Irinia noticed that the monitor attached to his wrist showed a violent rise in his pulse rate.

‘Tell me,' she said. ‘What was in the cupboard?'

‘Two kids. A boy, holding a baby. He had his hand over its mouth to stop it crying. He just stared up at me.'

‘Did you kill them, too?'

‘No. I heard shots in the bedroom. I knew Boris had finished off the woman. I made a sign to the boy to stay quiet and I shut the door. I didn't say anything about them to Boris. I knew what he'd do. I used to dream of that kid's face and the eyes, staring up at me. I had nightmares about it for a long time.'

‘Didn't you have nightmares about the woman and the boy being murdered? Didn't that worry you?'

‘Not so much. I'd seen a lot of corpses by then. We always looked for women when we took a village. Everybody did it. She wasn't the first one I'd had. But the boy in the cupboard, holding the baby. I couldn't get it out of my mind. The way he looked at me.'

‘That must have been his mother then, and his brother,' Irina remarked. ‘She tried to save them by hiding them in the cupboard. She didn't have time to save herself.'

Brückner's mouth trembled, and tears spilled out and ran down his cheeks.

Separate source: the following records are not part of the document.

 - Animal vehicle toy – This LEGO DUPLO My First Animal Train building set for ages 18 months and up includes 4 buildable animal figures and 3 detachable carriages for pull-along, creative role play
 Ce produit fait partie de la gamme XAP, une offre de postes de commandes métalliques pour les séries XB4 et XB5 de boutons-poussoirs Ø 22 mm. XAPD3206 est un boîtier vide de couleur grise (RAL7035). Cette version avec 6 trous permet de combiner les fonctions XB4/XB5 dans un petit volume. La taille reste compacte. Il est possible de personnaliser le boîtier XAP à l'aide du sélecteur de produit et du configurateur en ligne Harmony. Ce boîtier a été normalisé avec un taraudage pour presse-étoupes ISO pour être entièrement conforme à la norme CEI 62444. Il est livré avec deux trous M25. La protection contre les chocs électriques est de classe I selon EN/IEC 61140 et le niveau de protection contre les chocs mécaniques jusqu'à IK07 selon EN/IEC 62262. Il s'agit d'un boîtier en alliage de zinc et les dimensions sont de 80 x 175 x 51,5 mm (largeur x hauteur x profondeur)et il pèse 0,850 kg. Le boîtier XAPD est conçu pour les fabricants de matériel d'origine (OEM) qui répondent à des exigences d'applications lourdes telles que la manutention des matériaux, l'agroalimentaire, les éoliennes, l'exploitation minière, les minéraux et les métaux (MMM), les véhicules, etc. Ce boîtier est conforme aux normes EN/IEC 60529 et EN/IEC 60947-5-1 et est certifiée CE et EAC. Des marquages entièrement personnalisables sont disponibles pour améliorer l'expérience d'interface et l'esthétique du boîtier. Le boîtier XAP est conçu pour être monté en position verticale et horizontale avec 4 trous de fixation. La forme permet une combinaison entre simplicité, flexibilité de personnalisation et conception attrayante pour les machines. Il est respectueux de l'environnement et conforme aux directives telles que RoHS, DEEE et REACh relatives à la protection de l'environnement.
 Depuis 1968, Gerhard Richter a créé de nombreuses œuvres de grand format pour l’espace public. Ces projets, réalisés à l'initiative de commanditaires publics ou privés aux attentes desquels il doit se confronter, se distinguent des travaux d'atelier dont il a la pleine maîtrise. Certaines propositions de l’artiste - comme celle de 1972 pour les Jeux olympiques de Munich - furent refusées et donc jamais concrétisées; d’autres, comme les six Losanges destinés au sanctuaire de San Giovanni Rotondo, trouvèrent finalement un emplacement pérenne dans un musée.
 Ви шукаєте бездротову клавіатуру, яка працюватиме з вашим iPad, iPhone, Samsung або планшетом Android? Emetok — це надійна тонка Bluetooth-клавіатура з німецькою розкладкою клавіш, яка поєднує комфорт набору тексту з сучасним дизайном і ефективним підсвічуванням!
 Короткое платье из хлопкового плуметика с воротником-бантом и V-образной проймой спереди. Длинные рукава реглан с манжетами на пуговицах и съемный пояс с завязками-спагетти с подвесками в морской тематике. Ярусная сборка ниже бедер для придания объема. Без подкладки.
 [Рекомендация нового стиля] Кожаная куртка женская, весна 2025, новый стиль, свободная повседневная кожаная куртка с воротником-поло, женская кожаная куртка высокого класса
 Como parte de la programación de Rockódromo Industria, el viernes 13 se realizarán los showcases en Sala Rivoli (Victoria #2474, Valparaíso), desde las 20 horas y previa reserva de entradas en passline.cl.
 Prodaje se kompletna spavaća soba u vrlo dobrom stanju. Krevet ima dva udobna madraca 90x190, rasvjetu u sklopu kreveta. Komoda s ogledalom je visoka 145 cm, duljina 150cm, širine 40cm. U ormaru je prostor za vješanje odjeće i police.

‘It was the war! It was the same everywhere. I wasn't the only one! I could have shot them. Boris would have done it! I just couldn't. That boy staring up at me. I couldn't. Oh Jesus, my head hurts.' He began to sob.

Irina stood up. She looked down on him. Remember, remember your training. You are not involved. You are objective, unemotional. It means no more to you than a test-tube experiment. You struck him because you had to wake him up. You had to demonstrate your power over him. You are a scientist, a rationalist. You are superior to feelings of hatred and rage.

She switched off the tape recorder, put the tape in her pocket, shut down the harsh overhead light and rang for the nurse. Brückner was moaning, holding his head and tossing to and fro.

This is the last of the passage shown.